В эту минуту с противоположной стороны, понуждаемый толпою офицеров польской конницы, подъехал бледный Фуассак-Латур. Подъезжая к концу моста, генерал закрыл глаза. Польские офицеры бросали ему в лицо оскорбления. Князь Гинтулт сломал свою шпагу и с презрением бросил ее ему в грудь.
Из рядов кричали:
– Предатель!
– Клятвопреступник!
– Ты совершил преступление, какого не видел еще мир: ты коварно предал беглецов!
– Смотри теперь в глаза тем, кто уцелел в боях, в которых бестрепетно умирали их братья.
– Мы отдавали тебе жизнь за наше дело и честь. Мы говорили тебе, как рыцари: если ты хочешь бросить нас на глумление врагам для спасения французов и себя, имей мужество сделать это открыто. Мы знаем, что нам делать. Ты солгал под присягой!
– Мы говорили, что, если ты нам открыто скажешь, что ты намерен с нами сделать, мы запремся в пороховой башне и своими руками бросим огонь и взорвем себя на воздух. Позор тебе, предатель!

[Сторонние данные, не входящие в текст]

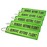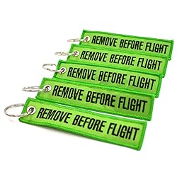 - REMOVE BEFORE FLIGHT Keychains are 100% embroidered, with merrowed borders. Keyring is nickel plated for long lasting durability. Help yourself keep track of your keys with our Lime Green "Remove Before Flight" keychain. The keychain is 12.5cm long and 2.5 wide, and the letters are embroidered in black thread.
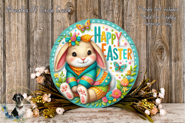 Happy Easter Bunny Floral Aluminum Metal Wreath Sign (Lightweight, No Holes)
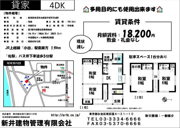| 物件名 | 新潟県魚沼市古新田356-1 4DK 9,800円 |

Фуассак-Латур поднял глаза. Потом белую, дрожащую руку. Молча глядя на поруганную толпу пленных, он долго салютовал им.
Часть вторая
В прусской Варшаве
Как и в первый раз после возвращения под родительский кров, Рафал провел в Тарнинах четыре года. Он пахал, сеял, косил, жал, свозил снопы, молотил и продавал хлеб. В руках у отца, который распоряжался им, как приказчиком, экс-философ превратился в слепое и глухое орудие его высшей, всесильной воли. На свои личные нужды он получал несколько медяков, да и то в случае особого благоволения, а все необходимое выдавалось ему натурой, расчетливо и осмотрительно. Добыть немного наличных, чтобы одеться хоть сколько-нибудь по моде и погулять в городе, Рафал мог только из таких источников, как тайная продажа хлеба из закромов, незаконно налагаемая на мужиков дань, урезывание корма рабочим лошадям. В душе помещичьего сынка родилась в результате глухая злоба против одежды, которую ему приходилось носить, против работы, которую ему приходилось исполнять, против всего, что его окружало. Никто не понимал его, и он никого по-настоящему не ценил. За все это время Рафал если и выезжал из дома, то не дальше соседних деревень. Всего два-три раза ему случилось побывать в Сандомире. Зимой, на масленицу, он ездил на вечеринки в соседние усадьбы, и это было бы для него большим развлечением, если бы не муки, которые он испытывал при встрече с соседями, одетыми по последней моде.
Осенью тысяча восемьсот второго года от одного из этих соседей, который толкался по Галиции и Южной Пруссии, Рафал узнал, что князь Гинтулт вернулся на родину и живет то у себя в Грудно, то в Кракове. В душе у него родилось тогда отчаянное решение. Он написал князю пространное письмо, в котором как будто благодарил его за все оказанные ему благодеяния, а на деле жаловался на свое настоящее положение. Долго, целыми неделями, в величайшей тайне от всех стряпал он поздними ночами это письмо, и когда оно, наконец, было написано, тысячу раз перечитано и переписано набело, почувствовал необычайное облегчение. Он совсем не думал о последствиях этой затеи, знал даже, что ничего из нее выйти не может, но все-таки одна мысль, что письмо это попадет в руки князю, доставляла ему необыкновенную радость. Рафал сам отвез драгоценное послание на почту в Сандомир. Несколько недель он еще думал о письме, а потом, видя, что ответа все нет, стал жалеть, что написал его, и наконец погрузился в прежнюю апатию.